-- Your goal --
Without the pictures, write the listing below out again, line for line.

-- Material provided --
:::

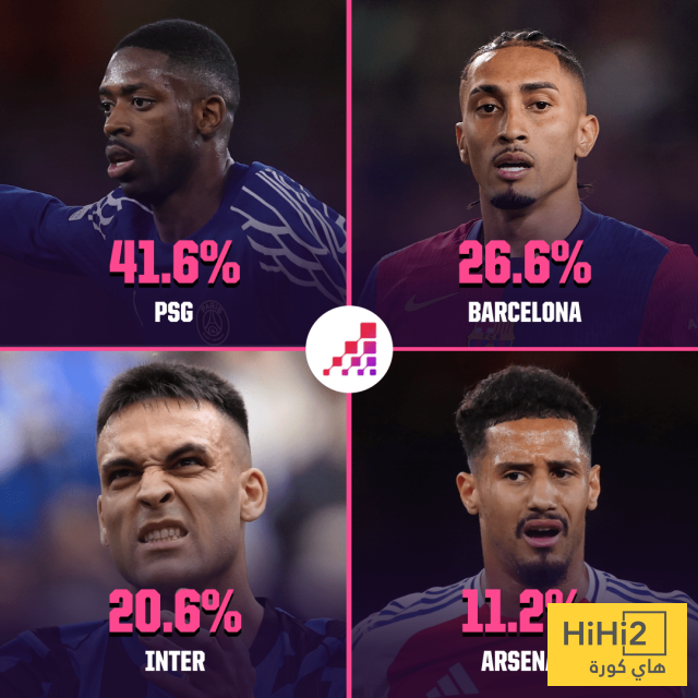 أما أرسنال، فتراجعت حظوظه إلى 11.2% فقط، بعد أن كان مرشحًا بنسبة 31.3% قبل مباراة الذهاب.
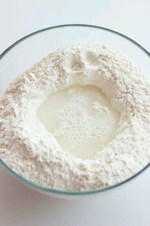 在面粉中间戳一个洞,倒入酵母水。
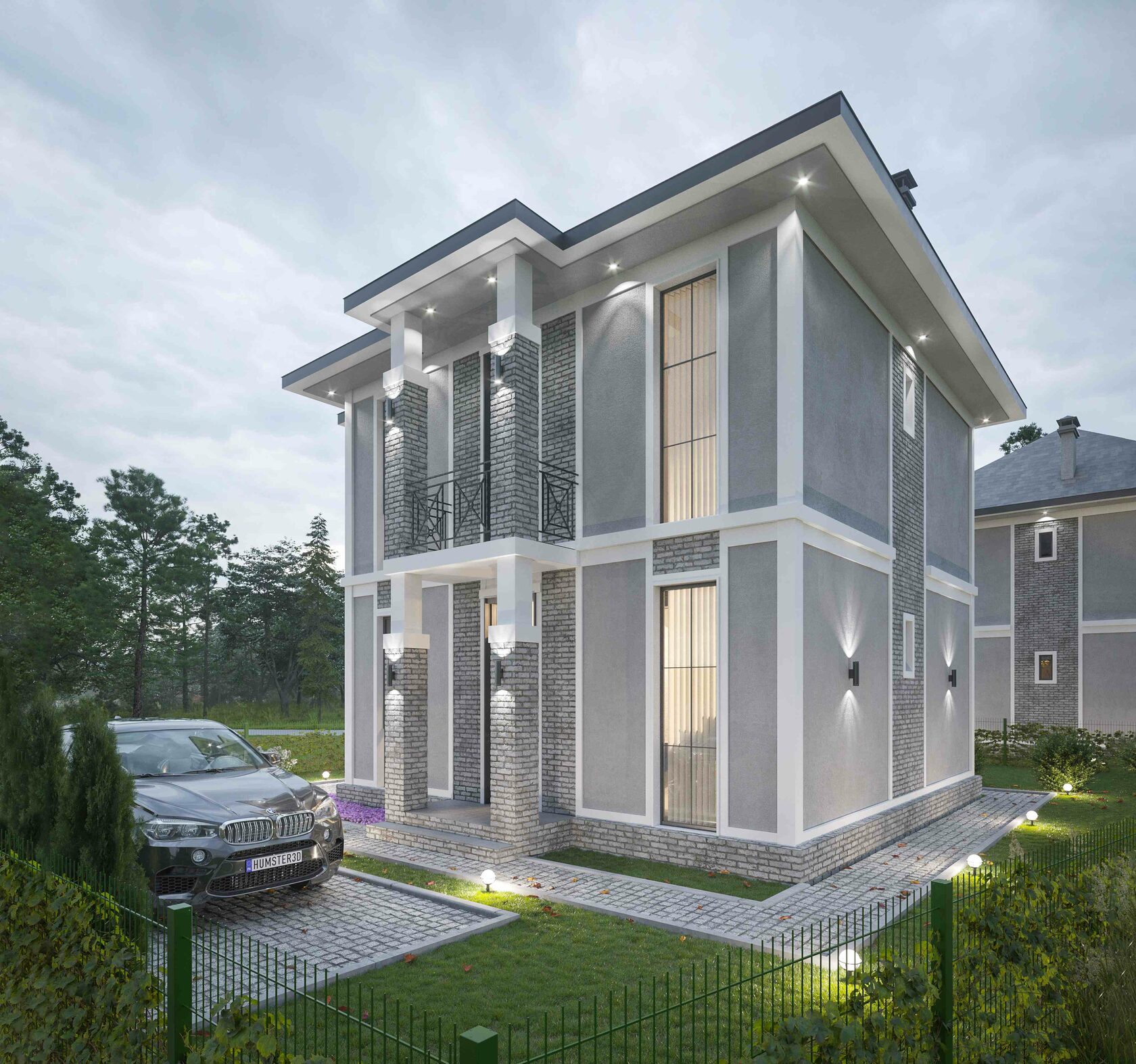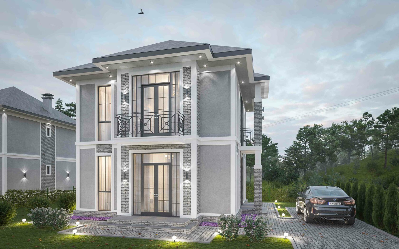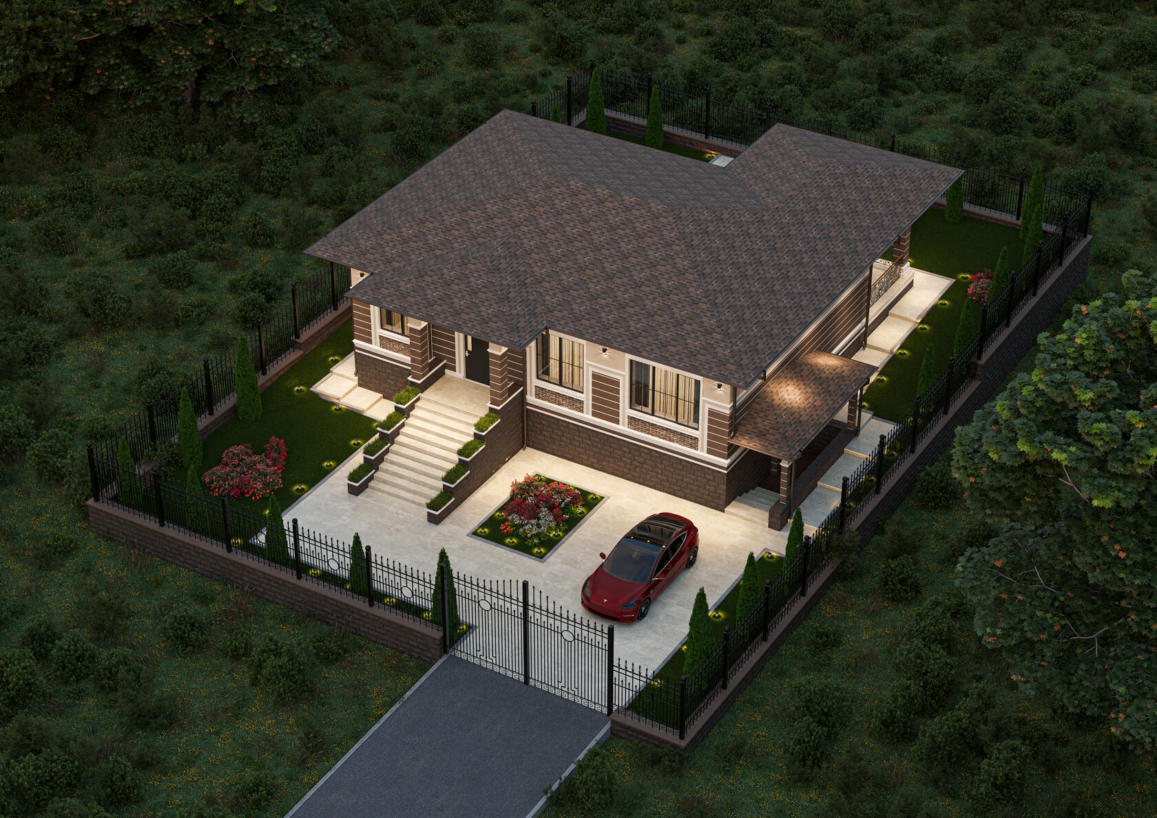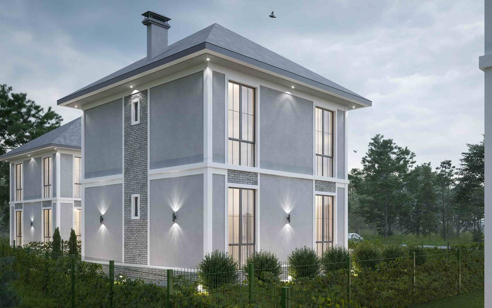 1 этаж: прихожая, холл, котельная, гостевая спальня, с/у, кладовка, кухня-столовая, гостиная;
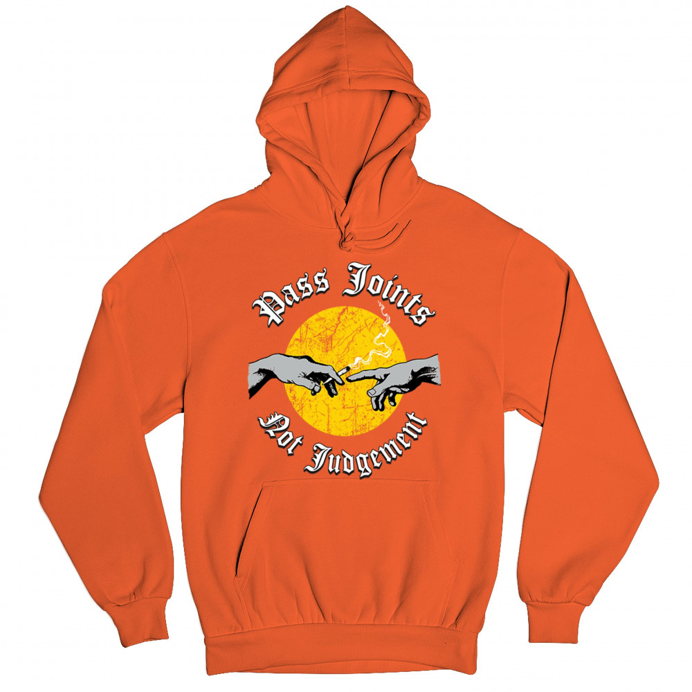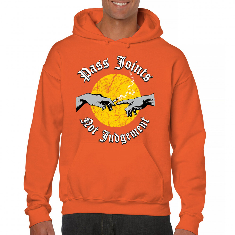 Cannabis culture twist on classic art. Hands passing a joint with “Pass Joints Not Judgement†message. Chill, bold, and unapologetically stoner.

:::

-- Answer to the problem --
 أما أرسنال، فتراجعت حظوظه إلى 11.2% فقط، بعد أن كان مرشحًا بنسبة 31.3% قبل مباراة الذهاب.
 在面粉中间戳一个洞,倒入酵母水。
 1 этаж: прихожая, холл, котельная, гостевая спальня, с/у, кладовка, кухня-столовая, гостиная;
 Cannabis culture twist on classic art. Hands passing a joint with “Pass Joints Not Judgement†message. Chill, bold, and unapologetically stoner.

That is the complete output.